Wrexhamites are a friendly bunch. And we have strong links with towns and cities all over the world.

But one of our strongest links is with Märkischer Kreis in Germany.

So we were really chuffed to welcome Märkischer Kreis student Mara Schubert to Wrexham Council on an international work experience placement this month.


Mara has already worked in local government in Germany as part of her course, and is now getting a feel for how things work here in the UK.

She’s mid-way through a three-week placement and living near the town centre with fellow students.

So what does she think?

In her own words…

So…Mara…what do you think of Wrexham?

“It’s the first time I’ve visited the UK. I’m really enjoying my time in Wrexham.

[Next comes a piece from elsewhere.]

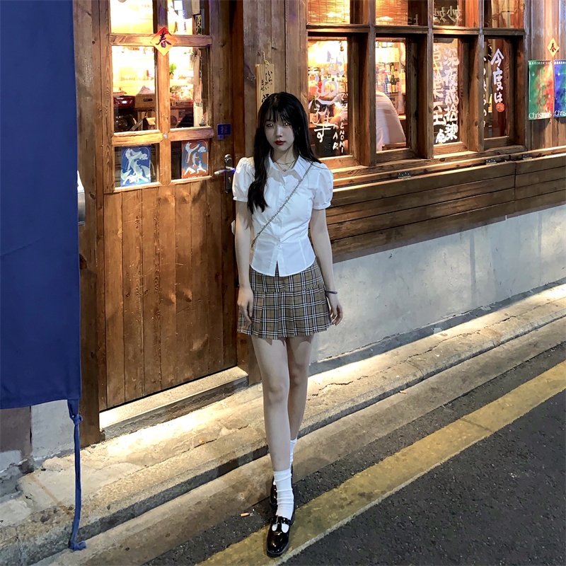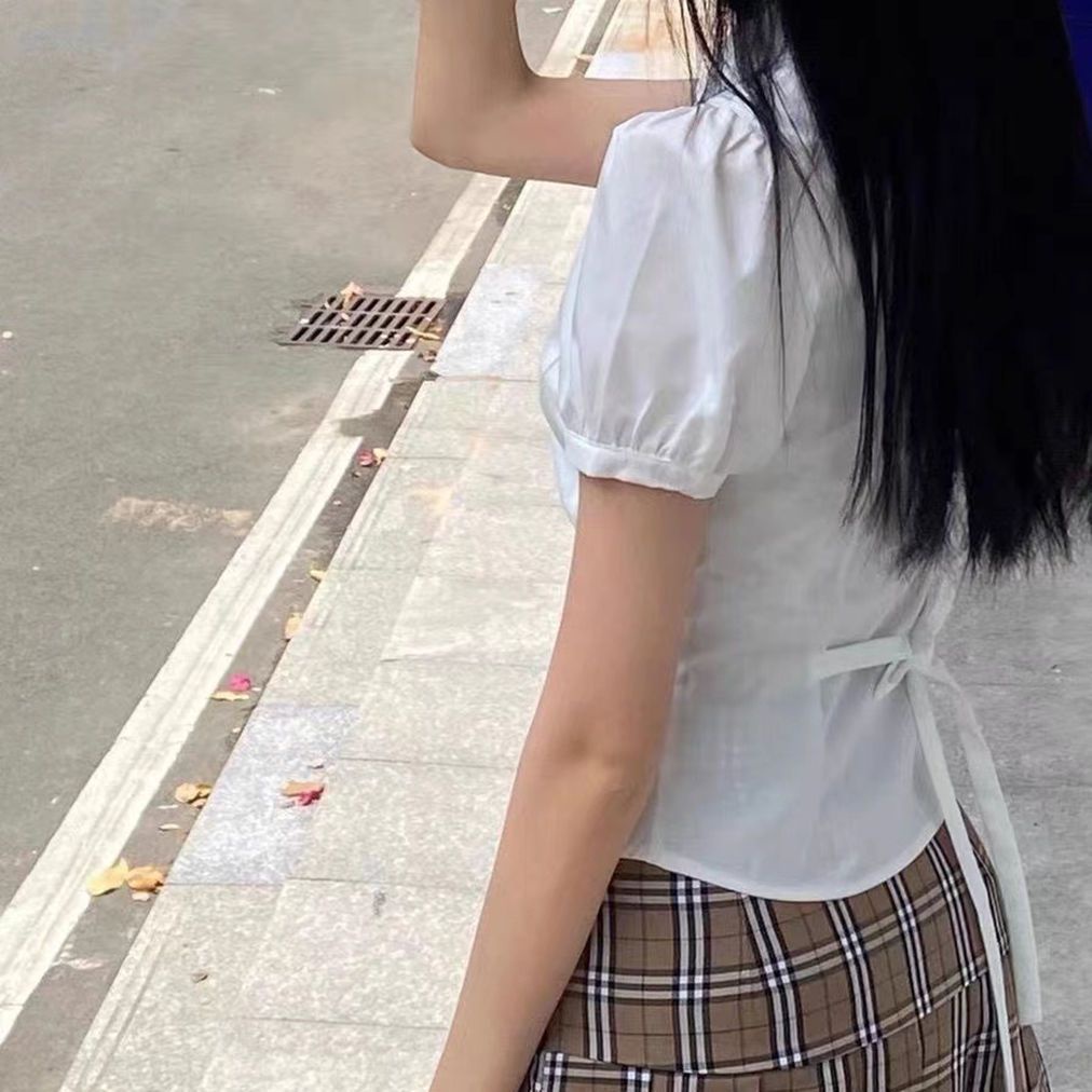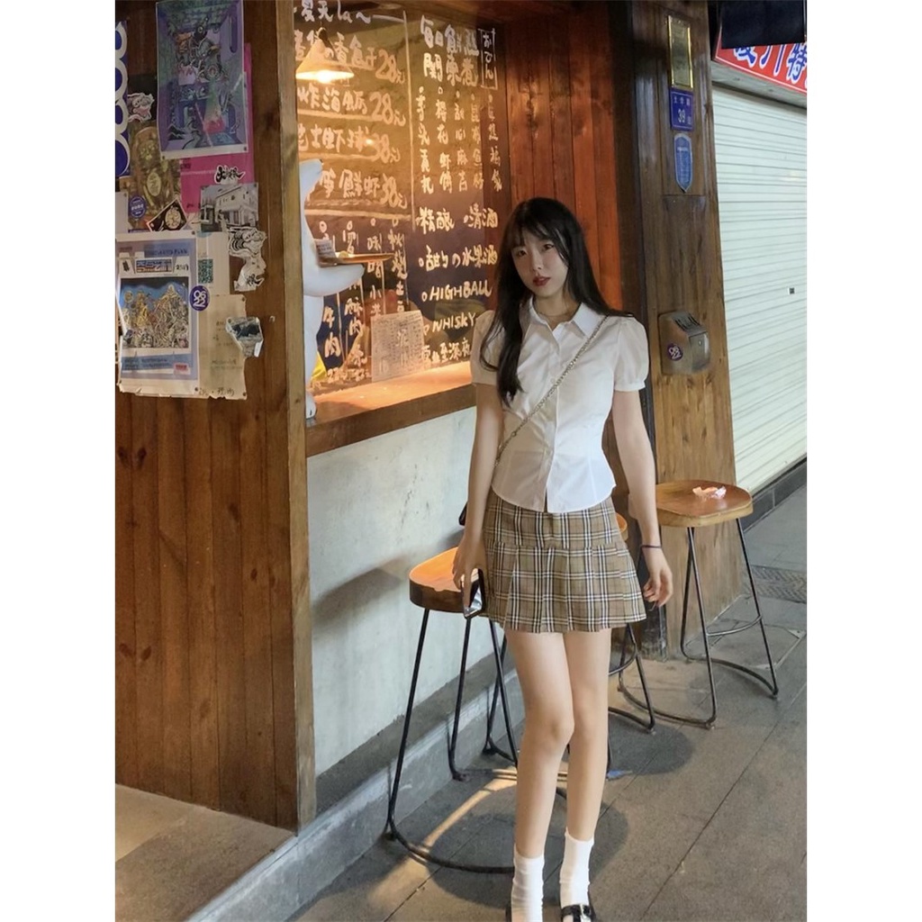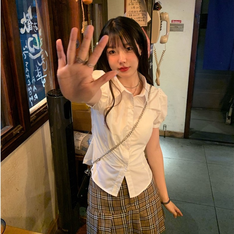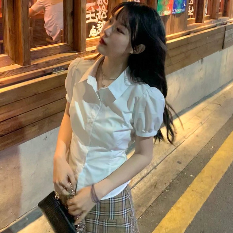 เสื้อเชิ้ตแขนสั้น แขนพอง สีขาว แฟชั่นฤดูร้อน สําหรับผู้หญิง

“It has beautiful parks for a walk after work. And the people are very polite to everyone and have made me feel very welcome.”

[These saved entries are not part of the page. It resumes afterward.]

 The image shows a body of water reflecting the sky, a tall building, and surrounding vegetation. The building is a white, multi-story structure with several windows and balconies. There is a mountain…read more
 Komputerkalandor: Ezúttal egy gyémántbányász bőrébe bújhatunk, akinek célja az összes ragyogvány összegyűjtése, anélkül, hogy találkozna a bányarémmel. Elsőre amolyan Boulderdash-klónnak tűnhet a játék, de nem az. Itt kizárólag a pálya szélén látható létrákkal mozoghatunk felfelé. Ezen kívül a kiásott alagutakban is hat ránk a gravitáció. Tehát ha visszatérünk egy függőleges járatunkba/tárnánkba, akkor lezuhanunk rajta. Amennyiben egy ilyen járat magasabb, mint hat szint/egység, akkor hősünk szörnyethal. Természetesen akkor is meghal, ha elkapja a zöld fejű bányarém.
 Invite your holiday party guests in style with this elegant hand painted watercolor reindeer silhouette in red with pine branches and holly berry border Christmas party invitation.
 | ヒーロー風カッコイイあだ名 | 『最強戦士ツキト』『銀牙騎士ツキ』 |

What’s it like at Wrexham Council? Are things very different here compared to Germany?

“It’s the second week of my placement and I’ve been working with different departments.

“I’ve noticed some differences in how things work.

“You have a Code of Conduct at Wrexham Council, which includes the contact you have with customers.

“We have a code at Märkischer Kreis [council] as well, but it’s different. In the main, it sets out how to work correctly – how long employees work, work-time models and how to protect personal data.

“There’s also a really big difference in duties and responsibilities.

“Wrexham Council – along with other organisations – is responsible for social care. You organise training for social carers and that kind of thing.

“But Märkischer Kreis isn’t responsible for social care. Other organisations do this work.”

So is your time here proving useful?

“I think my stay in Wrexham is proving really useful. I can improve my English skills and learn some important things about a council in a foreign country.

“I’ve heard a little bit of the Welsh language too, and hope to hear some more before I finish my placement.”

Can you teach us some German?

“Of course. I want to teach you a useful phrase in German… “Hals- und Beinbruch!”

“It translates as ‘neck- and leg fracture’, which might sound a bit strange! But it means something like ‘good luck!’

A bit like our saying ‘break a leg’?